Copy the lines running from the one that contains "การให้ความรู้ก" to the end of the entries below, exactly and with no pictures.

(Collection entries)
====
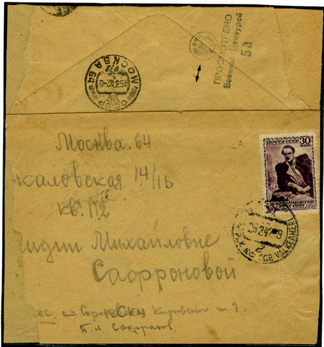
Иногороднее письмо, отправленное из г. Валкеамери, К-Ф ССР 26.02.1942 в Москву. Получено 15.03.1942. (Просмотрено военной цензурой № 50).
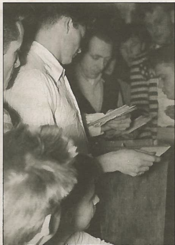
Brevutdeling om bord på et hvalkokeri, trolig tidlig 1950-tall.

igjen et tydelig preg på familienes hverdagsliv hjemme. For kvinnenes del betydde det for eksempel ofte at de måtte ta løpende avgjørelser i forhold til barna og husholdet nærmest på egenhånd dersom noe inntraff mens mennene var ute. For mange kunne det å ha lite kontakt med ektefellen også være utfordrende rent følelsesmessig, og flere forhenværende hvalfangerhustruer forteller at de opplevde det som at det reelle
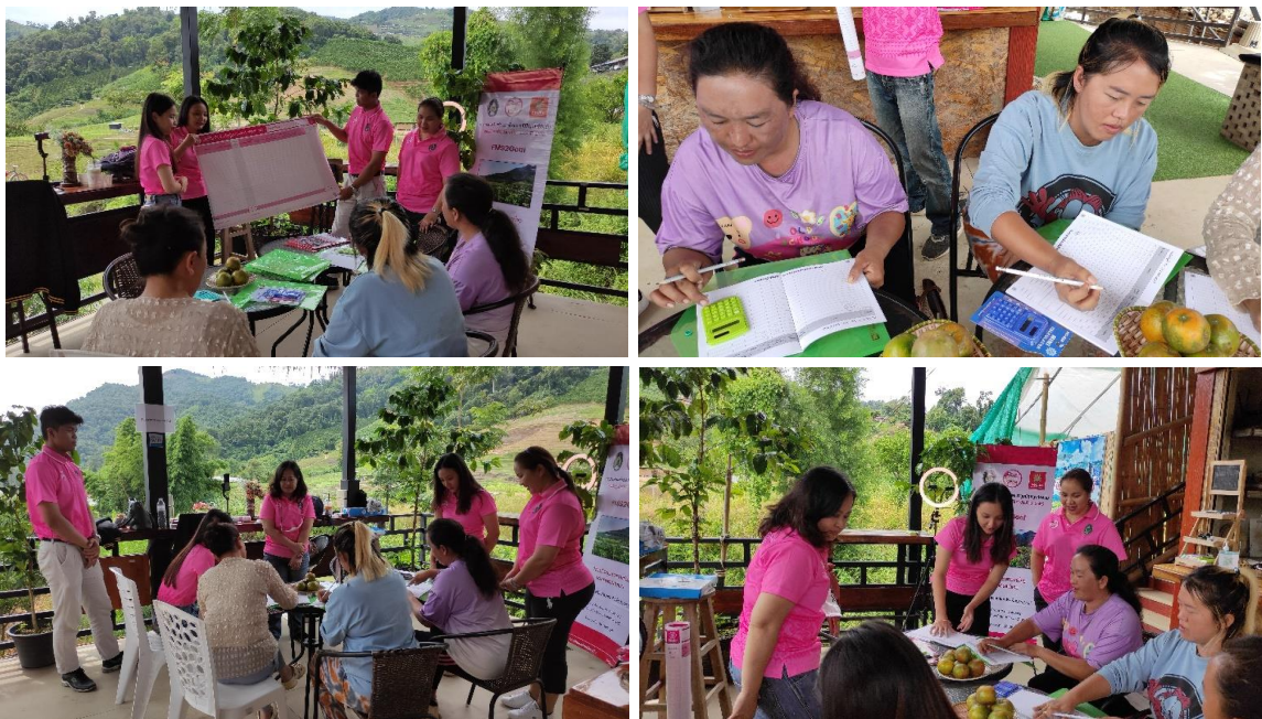
การให้ความรู้การจัดทำบัญชีต้นทุน บัญชีครัวเรือน
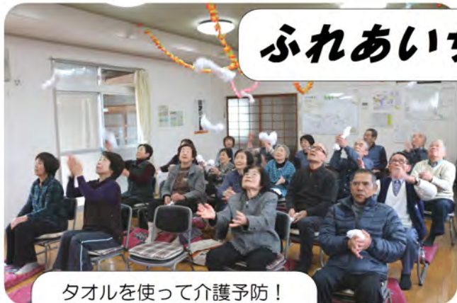
タオルを使って介護予防！
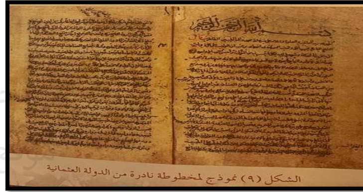
الشكل (٩) نموذج لمخطوطة نادرة من الدولة العثمانية
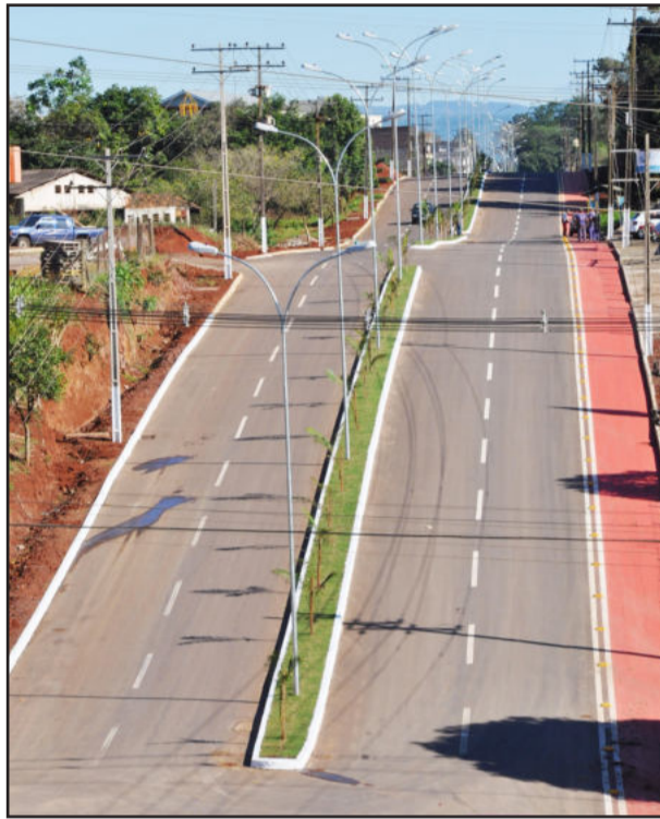
Primeiro trecho inaugura amanhã
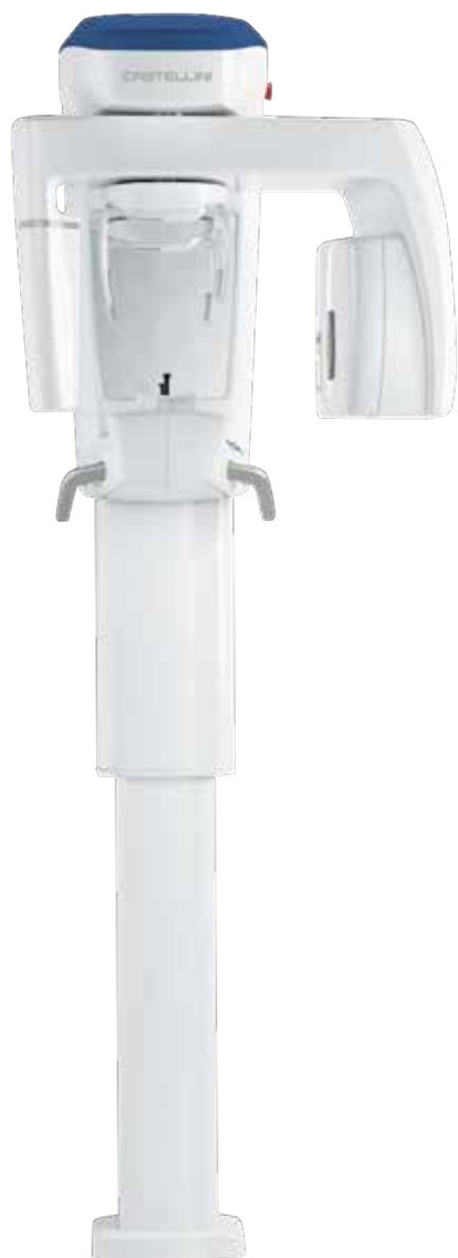
X RADIUS COMPACT 2D/3D
====
◆ Response
การให้ความรู้การจัดทำบัญชีต้นทุน บัญชีครัวเรือน
タオルを使って介護予防！
الشكل (٩) نموذج لمخطوطة نادرة من الدولة العثمانية
Primeiro trecho inaugura amanhã
X RADIUS COMPACT 2D/3D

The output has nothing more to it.